Given material:
======

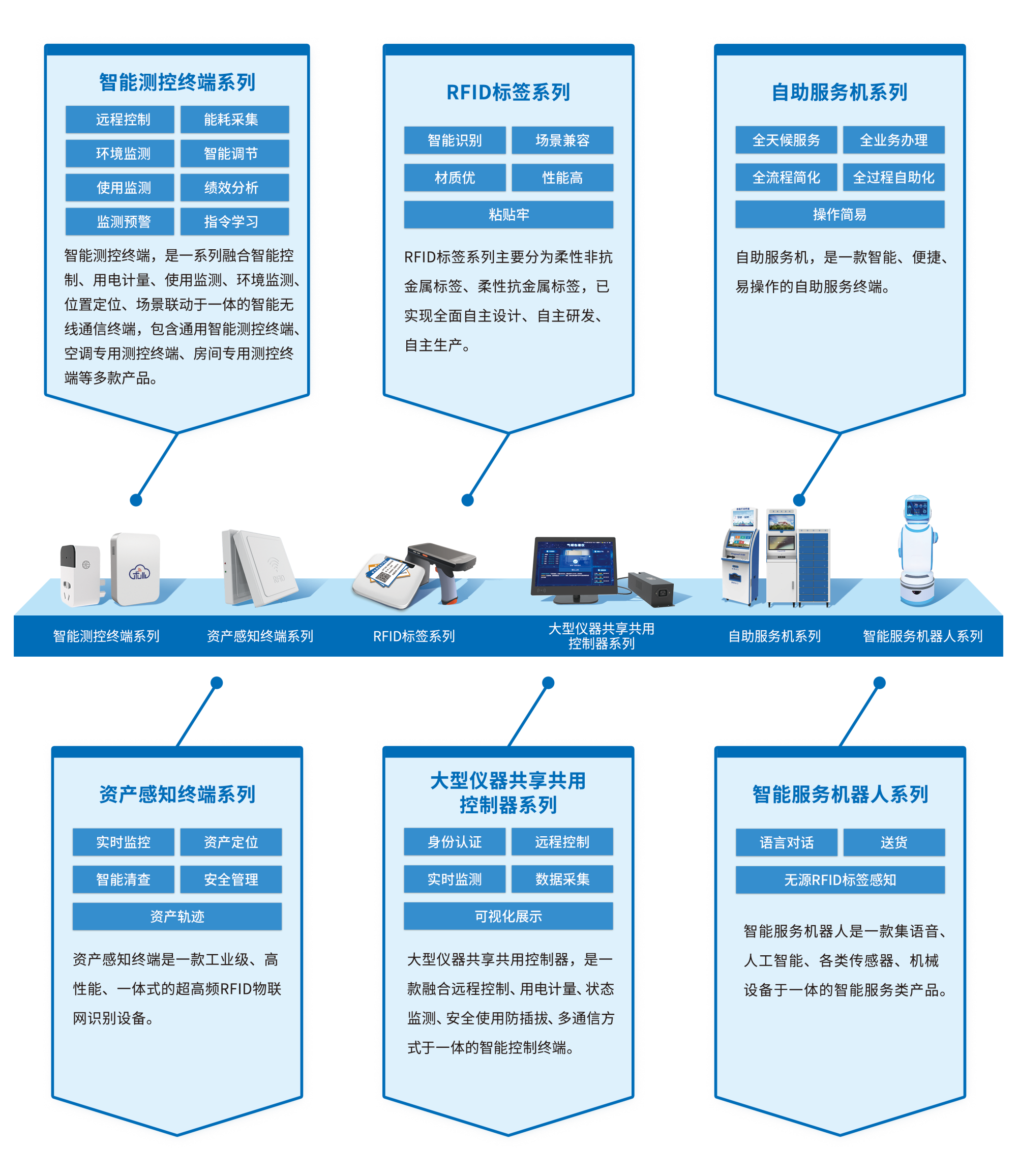 以“物联网 资产管理”为创新理念,充分运用物联网技术在资产管理方面特具的识别、定位、跟踪、监控与管理等优势,配合射频识别、通信、边缘计算等技术,自主设计研发资产管理专用物联网终端与设备,充分赋予资产生命力和主动性,使得资产具备感知、计量、信息交互、自我控制等能力,从而具备与数字世界感知和交互的能力。
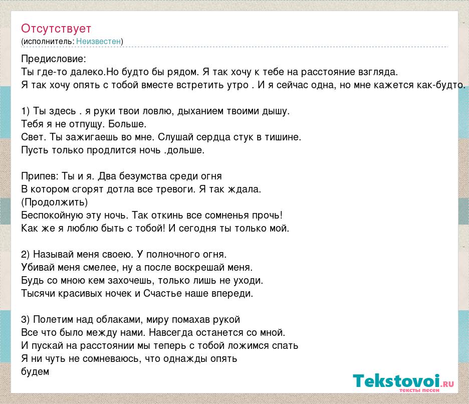 Предисловие: Ты где-то далеко.Но будто бы рядом. Я так хочу к тебе на расстояние взгляда. Я так хочу опять с тобой вместе встретить утро . И я сейчас одна, но мне кажется как-будто. 1) Ты здесь . я руки твои ловлю, дыханием твоими дышу. Тебя я не отпущу. Больше. Свет. Ты зажигаешь во мне. Слушай сердца стук в тишине. Пусть только продлится ночь .дольше. Припев: Ты и я. Два безумства среди огня В котором сгорят дотла все тревоги. Я так ждала. (Продолжить) Беспокойную эту ночь. Так откинь все сомненья прочь! Как же я люблю быть с тобой! И сегодня ты только мой. 2) Называй меня своею. У полночного огня. Убивай меня смелее, ну а после воскрешай меня. Будь со мною кем захочешь, только лишь не уходи. Тысячи красивых ночек и Счастье наше впереди. 3) Полетим над облаками, миру помахав рукой Все что было между нами. Навсегда останется со мной. И пускай на расстоянии мы теперь с тобой ложимся спать Я ни чуть не сомневаюсь, что однажды опять будем
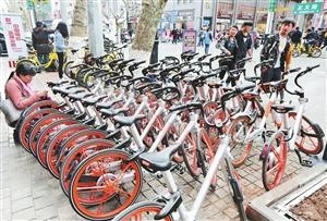 正义路步行街共享单车停车点。本报记者杨峥摄本报讯(记者胡晓蓉)昨日,摩拜单车联合昆明市城管局、昆明市网络文化协会等单位联合发起昆明首个共享单车文明停放倡议活动,助力文明城市建设。近一年来,共享单车迅速发展,成为城市绿色交通体系不可或缺的组成部分,

======

Write out the whole listing exactly, and drop the pictures.

Solution for this task:
 以“物联网 资产管理”为创新理念,充分运用物联网技术在资产管理方面特具的识别、定位、跟踪、监控与管理等优势,配合射频识别、通信、边缘计算等技术,自主设计研发资产管理专用物联网终端与设备,充分赋予资产生命力和主动性,使得资产具备感知、计量、信息交互、自我控制等能力,从而具备与数字世界感知和交互的能力。
 Предисловие: Ты где-то далеко.Но будто бы рядом. Я так хочу к тебе на расстояние взгляда. Я так хочу опять с тобой вместе встретить утро . И я сейчас одна, но мне кажется как-будто. 1) Ты здесь . я руки твои ловлю, дыханием твоими дышу. Тебя я не отпущу. Больше. Свет. Ты зажигаешь во мне. Слушай сердца стук в тишине. Пусть только продлится ночь .дольше. Припев: Ты и я. Два безумства среди огня В котором сгорят дотла все тревоги. Я так ждала. (Продолжить) Беспокойную эту ночь. Так откинь все сомненья прочь! Как же я люблю быть с тобой! И сегодня ты только мой. 2) Называй меня своею. У полночного огня. Убивай меня смелее, ну а после воскрешай меня. Будь со мною кем захочешь, только лишь не уходи. Тысячи красивых ночек и Счастье наше впереди. 3) Полетим над облаками, миру помахав рукой Все что было между нами. Навсегда останется со мной. И пускай на расстоянии мы теперь с тобой ложимся спать Я ни чуть не сомневаюсь, что однажды опять будем
 正义路步行街共享单车停车点。本报记者杨峥摄本报讯(记者胡晓蓉)昨日,摩拜单车联合昆明市城管局、昆明市网络文化协会等单位联合发起昆明首个共享单车文明停放倡议活动,助力文明城市建设。近一年来,共享单车迅速发展,成为城市绿色交通体系不可或缺的组成部分,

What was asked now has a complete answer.